WHAT IS EXPECTED: Your answer should consist only of the lines below from the one with "Conclusion: The first" through the one with "春の代表的な花をひとつのリー", copied exactly.

INPUT DATA:
----------
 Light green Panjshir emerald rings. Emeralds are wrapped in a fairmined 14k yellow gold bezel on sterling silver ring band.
----------
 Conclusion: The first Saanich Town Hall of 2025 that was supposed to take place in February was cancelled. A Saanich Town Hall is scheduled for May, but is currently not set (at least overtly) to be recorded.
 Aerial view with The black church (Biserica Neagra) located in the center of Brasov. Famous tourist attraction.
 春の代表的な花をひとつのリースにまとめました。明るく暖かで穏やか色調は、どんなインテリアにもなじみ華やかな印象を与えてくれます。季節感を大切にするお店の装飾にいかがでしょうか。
----------
RESPONSE:
 Conclusion: The first Saanich Town Hall of 2025 that was supposed to take place in February was cancelled. A Saanich Town Hall is scheduled for May, but is currently not set (at least overtly) to be recorded.
 Aerial view with The black church (Biserica Neagra) located in the center of Brasov. Famous tourist attraction.
 春の代表的な花をひとつのリースにまとめました。明るく暖かで穏やか色調は、どんなインテリアにもなじみ華やかな印象を与えてくれます。季節感を大切にするお店の装飾にいかがでしょうか。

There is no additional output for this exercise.